Beginning as a child who resisted having to eat fish on Friday, to his adulthood as a world-traveler who sees that God is found not so much in precepts as in experience, John D. Sambalino has always been seeking truth, and so conveys a sense of exploration that is fortunately free from self-congratulation. The first glimmers of this search came with his interest in martial arts and the understanding that such physical practices have their roots in spiritual discipline. An early transcendent experience in which reality seemed to stand still while he was one with everything around him convinced him that there was a goal to be sought.

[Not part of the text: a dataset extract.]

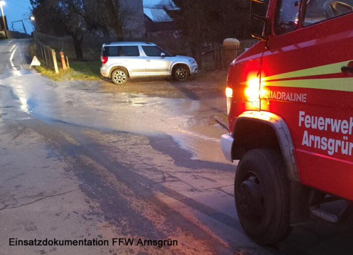 Die Feuerwehr Arnsgrün wurde zu einer verschmutzten Fahrbahn alarmiert. Durch einen Wasserrohrbruch drangen größere Mengen verschmutzten Wassers aus dem Erdreich auf die Straße. Die Einsatzkräfte sicherten und reinigten die Fahrbahn und übergaben die Einsatzstelle an die Wasserwirtschaft.

Studying engineering at university, he soon realized he must choose a career that would allow him to travel and pursue higher realities. He switched to a degree in finance, and ultimately became a lawyer, married his youthful sweetheart, had children, but never really “settled down.” Though that path may seem less spiritual on the surface, it is this story that makes it more accessible to the everyday reader. Sambalino is not a lone monk sitting on a mountaintop, but someone who has tried to mix spiritual discipline with modern life. Almost every year, in addition to work and faithful daily meditation practice, he made time to go to spiritual conclaves, take rigorous meditation courses, and travel – to India, Egypt, Nepal – and delve ever deeper into his inner landscape.
In this way, Sambalino’s book is part travel memoir, which is where the book becomes most alive. Traversing the Himalayas, visiting the site of Maharishi Mahesh Yogi’s one-time ashram, even lying still and corpselike inside the Great Pyramid, Sambalino has embraced each opportunity to understand who and what truth is, and who and what he himself is and might become. He introduces his audience to numerous masters and their spiritual pathways: Sri Ramana Maharshi, Sri Sri Ravi Shankar, Paramahansa Yogananda, and of course, Jesus, Krishna and Buddha. All in all, the memoir is more informative than the typical work about a spiritual journey.
Sambalino’s writing is intelligent and at times humorous, despite its heavy subject matter. The book is not a strict work of self-help, though Sambalino does exhort his readers to abide by many of these precepts, but he is careful to stress that all such advice and apparent wisdom offered in all the holy books of the world will not reveal the truth, which is, he says, “nowhere, yet everywhere.” This is refreshing in a field with books that are overloaded with authors claiming “I have the answer.” He leaves left few stones unturned in his search for what he calls “beingness” – but, as he emphasizes, that beingness is a quality or experience that can’t be explained or completely understood by reading or thinking.
Obviously composed to help others make their way to the truth, Is God in That Bottle Cap? presents the example of one man’s striving, some of it seemingly haphazard, much of it sincerely aimed at an ultimate goal. By showing himself to be a regular guy gradually growing into this knowledge, Sambalino offers readers hope of success in their own personal journeys.